Escrow: Money held by a third party until a buyer and seller close a real estate deal.

Estate: An individual’s total assets.

Fair market value: An estimate of the value of a property based on what an objective, knowledgeable person would pay to an objective, knowledgeable seller.

Fixed rate mortgage: A mortgage with payments that remain the same throughout the life of the loan.

Foreclosure: A legal process by which a lender recovers what is owed on a house by selling the property as collateral. This only occurs when a borrower is in default.

Grantee: The individual who is granted rights to a property by another individual.

Grantor: The individual who grants rights to a property to another individual.

Home equity loan: A loan secured by using equity in the home as collateral.

Inflation: The consistent increase over time in the general price of goods and services in the economy.

Interest: A charge paid at regular intervals to delay the repayment of a debt.

Interest rate: A percentage of a debt that is charged by the lender to the borrower in exchange for use of its assets.

Joint tenancy with rights of survivorship: When two or more individuals share equal rights to a property. When one owner dies, their share of the property is automatically transferred to the surviving owners.
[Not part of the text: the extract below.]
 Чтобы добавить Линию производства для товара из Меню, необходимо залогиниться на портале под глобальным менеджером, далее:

Lease: An agreement between a property owner allowing another individual to use the property for a specific amount of time in exchange for regular payments.

Lender: An individual or entity who loans money to others. See also borrower.
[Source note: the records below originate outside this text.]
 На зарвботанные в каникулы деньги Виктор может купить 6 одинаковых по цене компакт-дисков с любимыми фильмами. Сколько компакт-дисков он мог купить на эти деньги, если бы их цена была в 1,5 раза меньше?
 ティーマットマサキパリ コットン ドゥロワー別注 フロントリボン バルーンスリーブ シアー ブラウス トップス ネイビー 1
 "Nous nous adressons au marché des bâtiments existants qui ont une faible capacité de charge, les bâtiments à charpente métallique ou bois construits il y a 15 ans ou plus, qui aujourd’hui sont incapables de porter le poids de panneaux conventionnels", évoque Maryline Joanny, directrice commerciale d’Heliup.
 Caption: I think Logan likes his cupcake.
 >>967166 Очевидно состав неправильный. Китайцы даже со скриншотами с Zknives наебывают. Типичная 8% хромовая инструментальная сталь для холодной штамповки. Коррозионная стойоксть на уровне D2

Liability: Legal responsibility for one’s actions.

Lien: An encumbrance against a property, such as a mortgage, judgement, or tax lien.

Loan: The lending of money by individuals, entities, or organizations, usually with interest.

Maturity: The time when a borrower must repay a loan.

Mortgage: A loan in which real estate is used as a collateral.

Notice of default: An official document notifying a borrower that s/he has not made payments on a loan and is therefore in default.

Offer: The proposal to enter into a contract. In real estate, this means a proposal to purchase property.

Origination: The process to obtain a mortgage.

Ownership: Having rights over a property.

Pre-approval: Process by which a buyer will be approved by a bank to receive a loan to purchase real estate.

Predatory lending: Any fraudulent, unfair, or exploitative action by a lender to convince a borrower to take out a loan that will prove disadvantageous to the borrower and advantageous to the lender. Common practices include extremely high fees and interest rates and failure to disclose or clarify important information.

Pre-qualify: Informal process by which a buyer receives an estimate of how much s/he may be able to borrow from a lender.

Promissory note: A written agreement to pay a certain amount to an individual at a certain time.

Quitclaim deed: A deed in which the grantor transfers any claim to a property to the grantee without any warranties.

Real estate agent: Licensed individual who negotiates the sale of real estate between buyers and sellers.

Refinancing: Using a new mortgage loan to repay an existing one, usually to receive a better interest rate.

Reverse mortgage: An agreement in which a homeowner uses their home as collateral to receive a loan. This requires the homeowner to be 62 or older and meet certain qualifications. Read more here.

Secured loan: A loan that is backed by collateral. A reverse mortgage is a kind of secured loan.

Tenancy in common: A type of property ownership in which two or more individuals each have a share of the rights to the property. At the death of one owner, his/her rights are passed onto heirs or beneficiaries through a will or laws of succession.

Title: Evidence of rights of ownership.

Warranty: A guarantee in a contract that promises everything in the agreement is true and reliable. In real estate, warranties are usually found in deeds, indicating that the seller has the authority to sell a property and that there are no liens or encumbrances on the property.

Warranty deed: A deed in which the seller guarantees s/he has the authority to sell the property and will defend against any claims made against it by a third party. See also warranty.

Zoning: Municipal or local government laws dictating how real estate can be used. For instance, some areas are zoned for commercial use, others for residential, etc.